> What you have to do
Whatever pictures the entries hold, omit them, and output exactly the lines from the one containing "Golf VI 2.0 GTI Edition 35 Дизель 110 л. с." through the final line.

> Records for the exercise
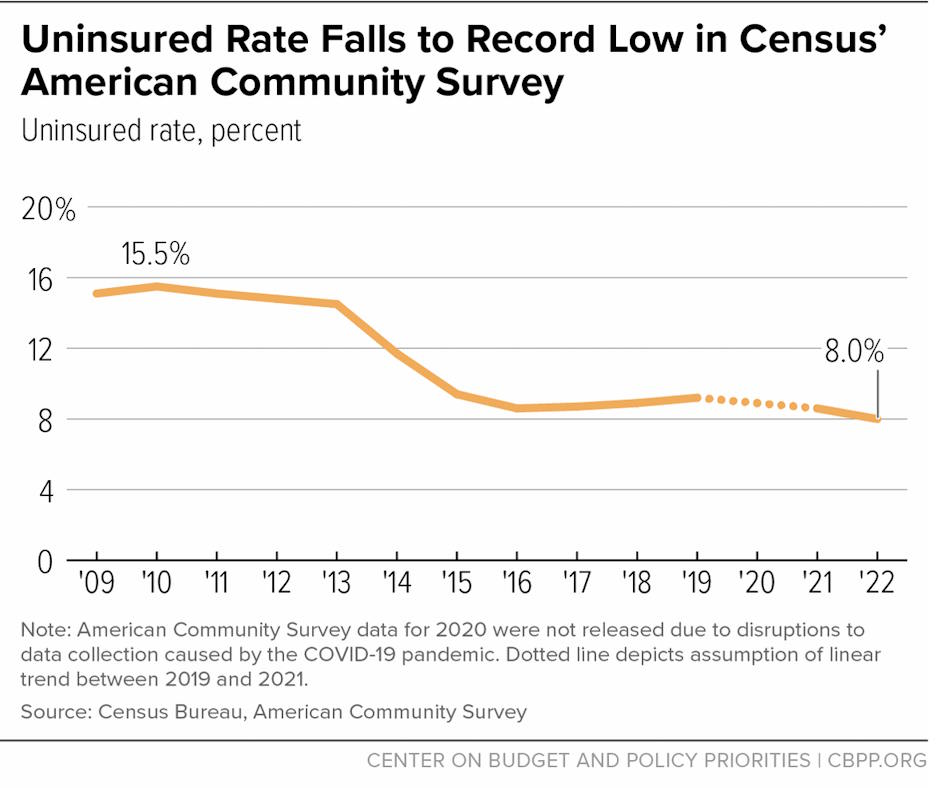 How about health insurance? Here we have some very good news: The total percent of uninsured Americans has fallen to only 8%.
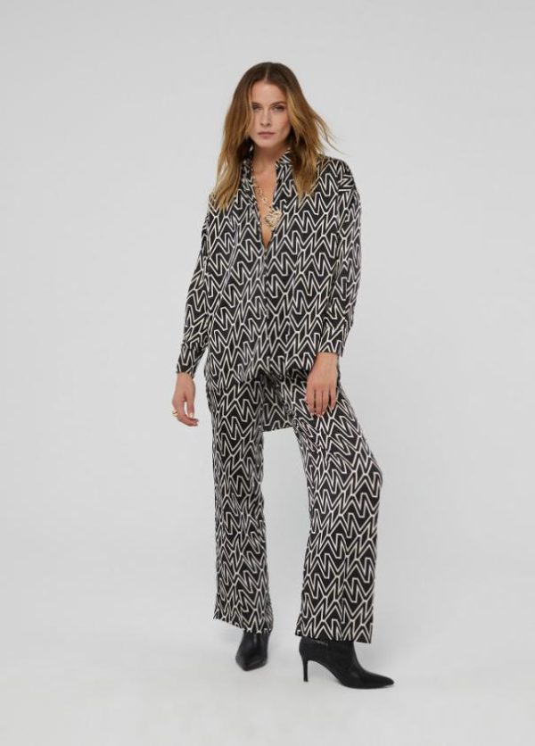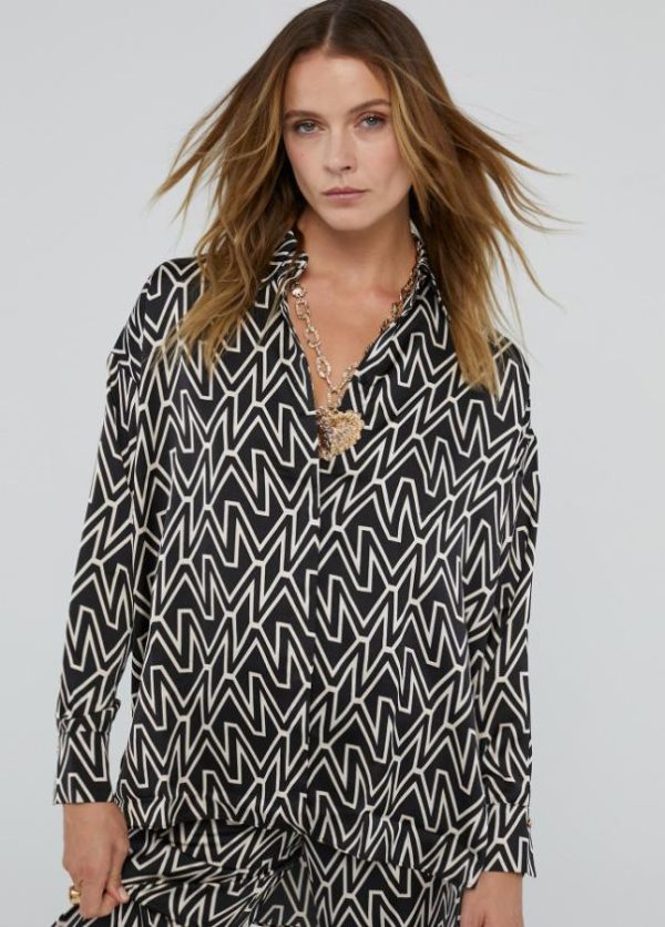 Camisa larga de cuello y puños camiseros. Estampado monograma M bicolor. Cerrada con botones centrales ocultos por tapete.
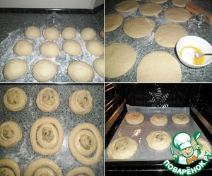 Раскладываем на противень, который можно смазать маслом, либо накрыть промасленным пергаментом. Смазать верх взбитым желтком и дать расстояться тесту минут 10-15.
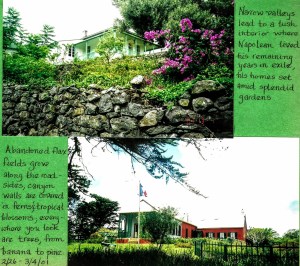 The following day we rented a car and toured the 47 square mile island with cruising buddies. Zigzagging our way along narrow roads and through quiet tidy villages with beautiful gardens and groves of mango and avocado trees, it was a surprise to observe so many contrasting environments. Hilltops surrendered vistas of verdant valleys and abandoned flax fields peppered by volcanic slopes where jagged monoliths sat in watchful quietude.
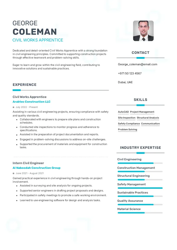 The construction industry in the UAE is expected to maintain a steady demand for Civil Works Apprentices, providing a stable career path. The government's focus on infrastructure development will support ongoing hiring, making this an attractive field for aspiring professionals. A well-crafted resume can help candidates navigate the visa process and secure employment in this thriving sector.
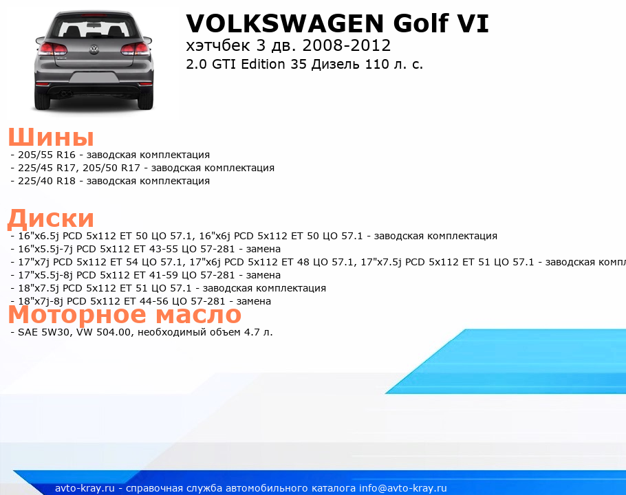 Golf VI 2.0 GTI Edition 35 Дизель 110 л. с.
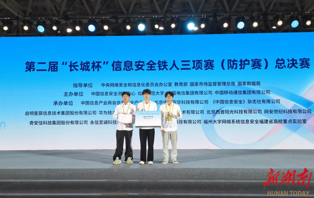 湖南日报·新湖南客户端4月29日讯(通讯员 刘长松)近日,由中央网络安全和信息化委员会办公室、教育部、国家市场监督管理总局、国家数据局等单位联合主办的第二届“长城杯”信息安全铁人三项赛(防护赛)全国总决赛,在福建福州落下帷幕。87978797威尼斯信息科学与工程学院团队凭借出色表现,获全国总决赛三等奖,位列湖南省参赛队伍第二名。
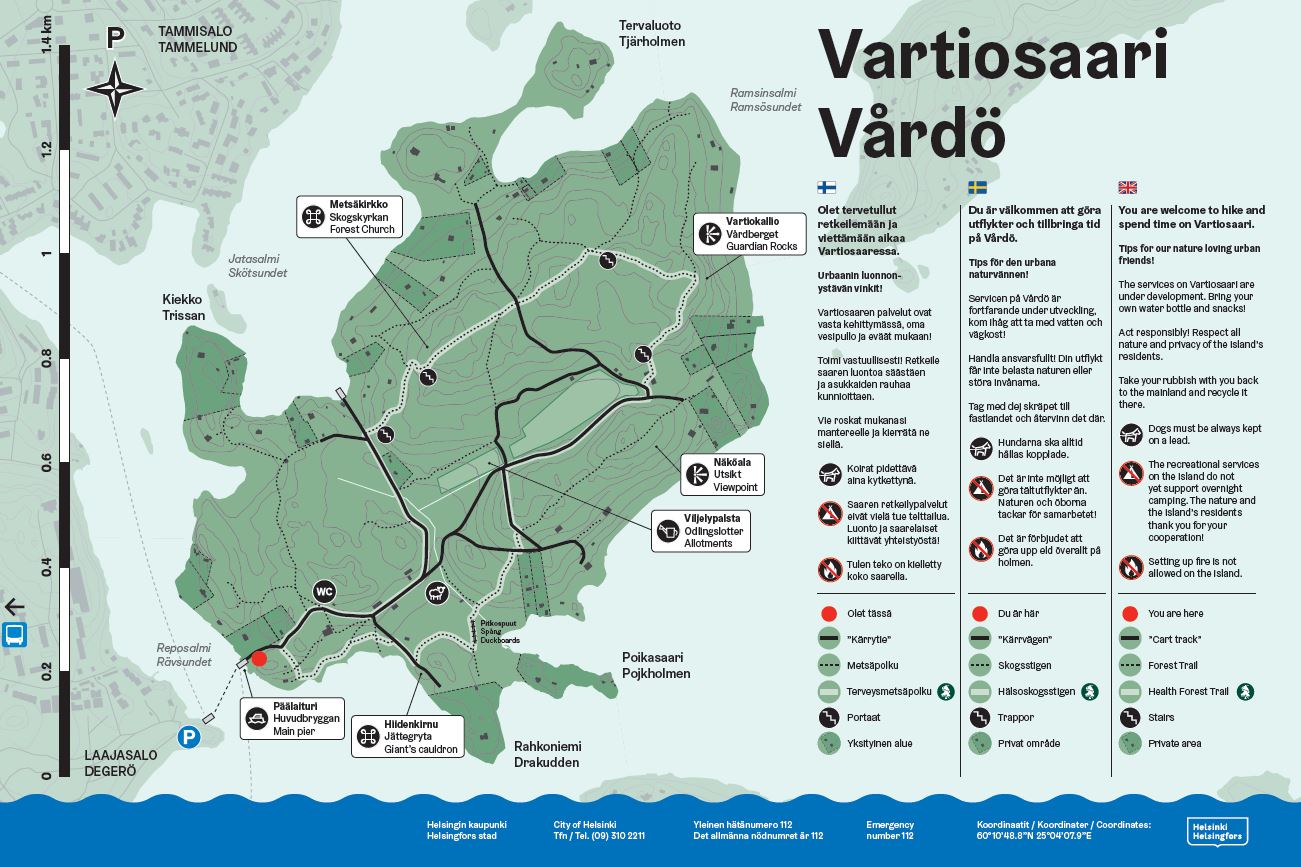 Vartiosaaren reittejä, opasteita, käymälöitä ja jätehuoltoa on paranneltu viime vuosina ja lisäksi saareen pääsyä helpotettu tihentämällä vesiliikennettä.

> Answer box
 Golf VI 2.0 GTI Edition 35 Дизель 110 л. с.
 湖南日报·新湖南客户端4月29日讯(通讯员 刘长松)近日,由中央网络安全和信息化委员会办公室、教育部、国家市场监督管理总局、国家数据局等单位联合主办的第二届“长城杯”信息安全铁人三项赛(防护赛)全国总决赛,在福建福州落下帷幕。87978797威尼斯信息科学与工程学院团队凭借出色表现,获全国总决赛三等奖,位列湖南省参赛队伍第二名。
 Vartiosaaren reittejä, opasteita, käymälöitä ja jätehuoltoa on paranneltu viime vuosina ja lisäksi saareen pääsyä helpotettu tihentämällä vesiliikennettä.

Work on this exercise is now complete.